We speculate that our results could reflect an imbalance between excitatory and inhibitory (E/I) influences in the socio‐affective processing system in ASD, mirroring E/I imbalance for lower level stimulus processing [Freyberg et al., 2015; Robertson et al., 2013, 2016; Rosenberg et al., 2015]. In a brain with an overactive subcortical system [Hadjikhani et al., 2017a; Zürcher et al., 2013b], and hypersensitive to emotions, a way to decrease emotional reactivity would be to use the frontal parts of the brain to inhibit the emotional response, or to disengage from the face, as previously hypothesized in ASD [Tanaka and Sung, 2016]. Our results have important implications for understanding the socio‐affective abnormalities in ASD. They bring into question the concept that people with ASD are indifferent towards others, and are, as Kanner described them “self‐absorbed, emotionally cold, distanced, and retracted” [Kanner and Eisenberg, 1957]. Quite the contrary, our results indicate that people with ASD may have an oversensitive emotional processing system, at least for the perception of feelings of pain [Hadjikhani et al., 2014] or distress/fear (present data), as well as for positive emotions [Hadjikhani et al., 2017a]. In real‐life settings, this oversensitivity, coupled with less well‐developed emotional regulation, might be expressed as an avoidant behavior and misinterpreted as socio‐affective indifference.

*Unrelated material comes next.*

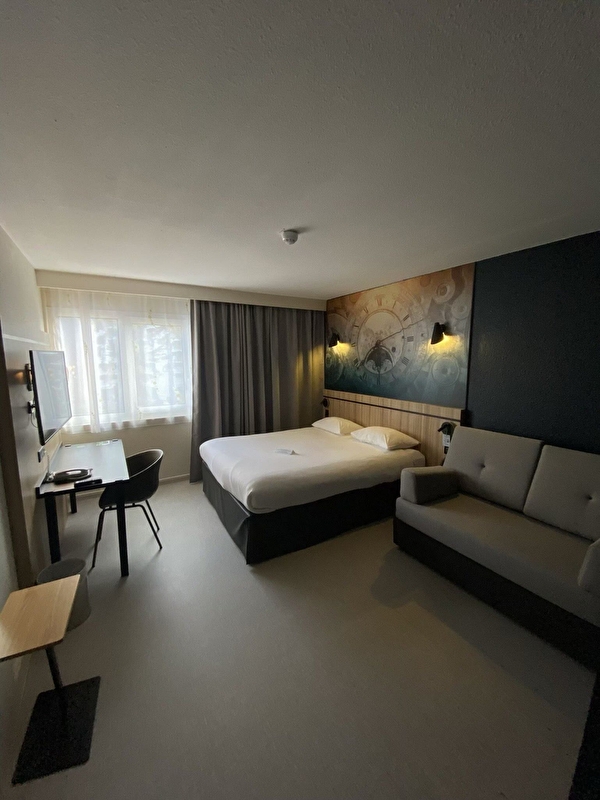 Zeer rustig gelegen hotel met gemakkelijke toegang, gratis privéparkeerplaats, dicht bij het SNCF-treinstation. Busverbinding naar het stadscentrum op slechts 500 m afstand. Restaurant Au fil des Saisons, groot schaduwrijk terras met zwembad. Onze gastvrije, moderne en warme kamers met een comfortabel bed en een functionele badkamer bieden alles wat u nodig hebt voor een aangenaam verblijf, met flatscreentelevisie en TNT-boeket. De kamers hebben airconditioning, een haardroger en een dienblad.
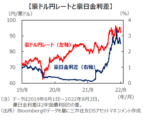 ■利上げは概ね市場予想の通りでしたが、RBAがややハト派的なスタンスを示したことから、会合後の為替市場では豪ドル安・円高となりました。しかし、その後、米連邦準備制度理事会(FRB)の高官から米利上げに強気な発言が聞かれたことで米ドル高・円安となり、豪ドルの対円レートも会合前の水準に戻っています。今後もRBAの引き締め的なスタンスは続くと見られ、対円で豪ドルは堅調な展開となることが見込まれます。

However, it is noteworthy that the oversensitivity of people with ASD to low intensity fearful faces could also simply be due to an increased sensitivity to the eye widening of the fearful expression. This alternative interpretation would be consistent with our finding of hyposensitivity to happy faces, given that happy eyes are smaller than fearful and angry eyes [Bayless et al., 2011]. In a previous study, control participants showed more amygdala activity for masked fearful eyes than for masked happy eyes [Whalen et al., 2004]. Although this remains to be investigated, the modulation of the amygdala activity with the widening of the eyes could be more important in ASD than in CON participants, leading to the observed effects. In addition, fearful and angry eyes are often confused in people with ASD [Wallace et al., 2008]. If people with ASD did confuse angry and fearful faces in this experiment where they had to remain fixated on the eye region, this may explain their increased regulatory response for angry faces relative to controls. However, this hypothesis is put into question by our recent finding of an abnormally high subcortical activation in participants with ASD fixating the eye region of dynamic emotional face stimuli regardless of the expression (happy, angry, fearful) shown on the face [Hadjikhani et al., 2017a]. To clarify this issue, future studies should continue to investigate the way in which the heightened neural response to emotional faces in ASD is modulated by the expression of the face.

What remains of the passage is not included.